*** Dataset excerpt Section Begins ***

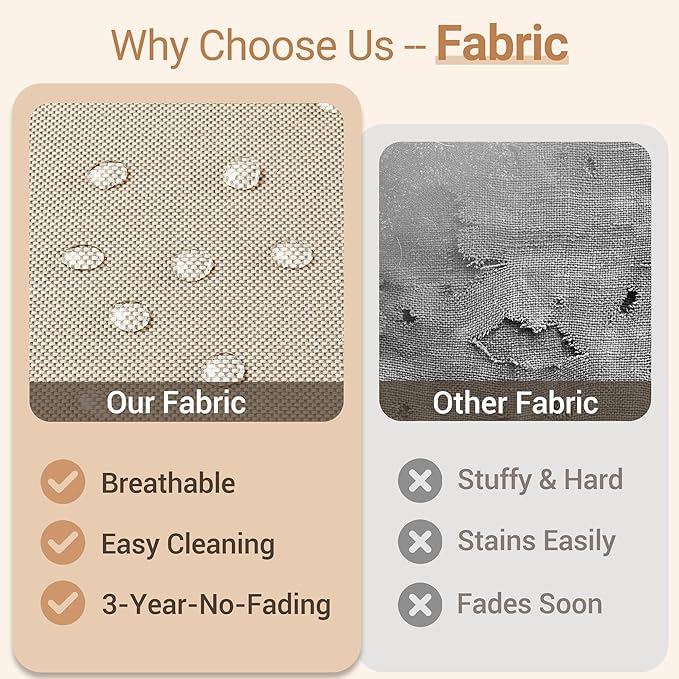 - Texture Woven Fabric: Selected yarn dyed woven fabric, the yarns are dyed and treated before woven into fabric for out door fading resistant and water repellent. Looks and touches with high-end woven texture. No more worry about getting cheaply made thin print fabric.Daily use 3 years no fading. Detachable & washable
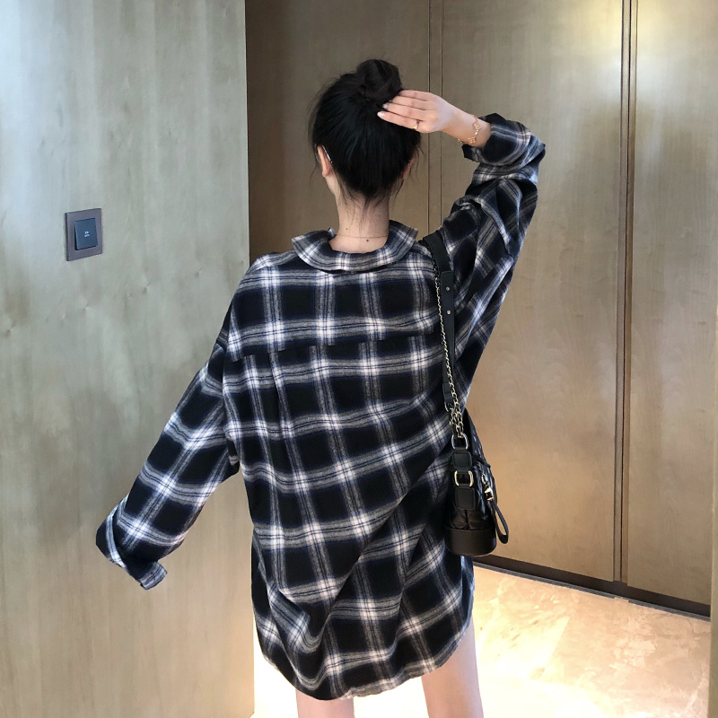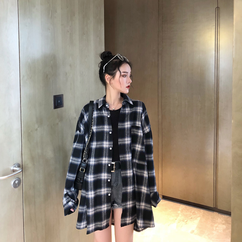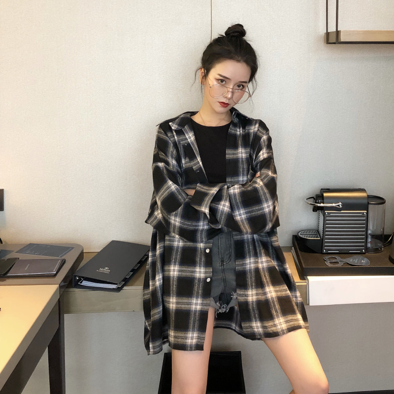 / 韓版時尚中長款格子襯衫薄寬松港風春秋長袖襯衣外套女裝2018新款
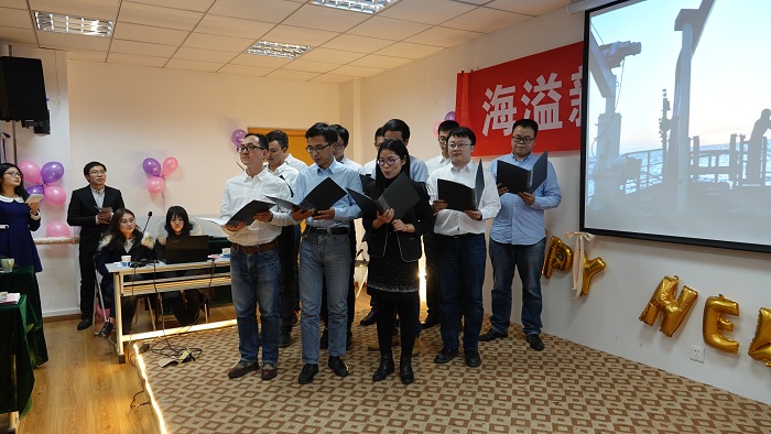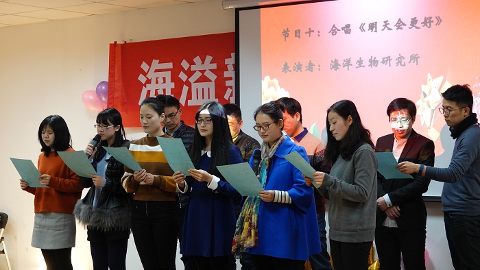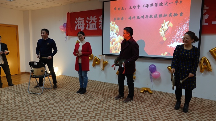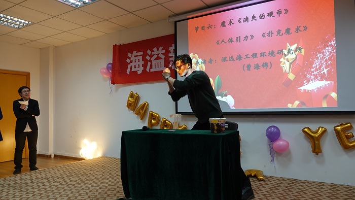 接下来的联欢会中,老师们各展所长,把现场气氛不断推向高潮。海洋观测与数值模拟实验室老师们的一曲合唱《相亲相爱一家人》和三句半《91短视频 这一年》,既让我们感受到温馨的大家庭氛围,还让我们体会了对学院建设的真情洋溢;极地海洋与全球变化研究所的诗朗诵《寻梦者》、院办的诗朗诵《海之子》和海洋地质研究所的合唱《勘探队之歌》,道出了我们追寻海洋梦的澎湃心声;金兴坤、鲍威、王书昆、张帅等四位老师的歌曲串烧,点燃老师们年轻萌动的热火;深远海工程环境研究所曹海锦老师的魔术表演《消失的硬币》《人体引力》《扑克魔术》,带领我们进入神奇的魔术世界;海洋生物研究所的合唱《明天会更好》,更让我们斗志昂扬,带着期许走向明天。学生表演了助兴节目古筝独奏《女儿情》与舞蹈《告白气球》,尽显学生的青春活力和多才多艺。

*** Dataset excerpt Section Ends ***

# Exercise requirements
The expected output is the material above, repeated exactly and free of pictures.

# Task output
 - Texture Woven Fabric: Selected yarn dyed woven fabric, the yarns are dyed and treated before woven into fabric for out door fading resistant and water repellent. Looks and touches with high-end woven texture. No more worry about getting cheaply made thin print fabric.Daily use 3 years no fading. Detachable & washable
 / 韓版時尚中長款格子襯衫薄寬松港風春秋長袖襯衣外套女裝2018新款
 接下来的联欢会中,老师们各展所长,把现场气氛不断推向高潮。海洋观测与数值模拟实验室老师们的一曲合唱《相亲相爱一家人》和三句半《91短视频 这一年》,既让我们感受到温馨的大家庭氛围,还让我们体会了对学院建设的真情洋溢;极地海洋与全球变化研究所的诗朗诵《寻梦者》、院办的诗朗诵《海之子》和海洋地质研究所的合唱《勘探队之歌》,道出了我们追寻海洋梦的澎湃心声;金兴坤、鲍威、王书昆、张帅等四位老师的歌曲串烧,点燃老师们年轻萌动的热火;深远海工程环境研究所曹海锦老师的魔术表演《消失的硬币》《人体引力》《扑克魔术》,带领我们进入神奇的魔术世界;海洋生物研究所的合唱《明天会更好》,更让我们斗志昂扬,带着期许走向明天。学生表演了助兴节目古筝独奏《女儿情》与舞蹈《告白气球》,尽显学生的青春活力和多才多艺。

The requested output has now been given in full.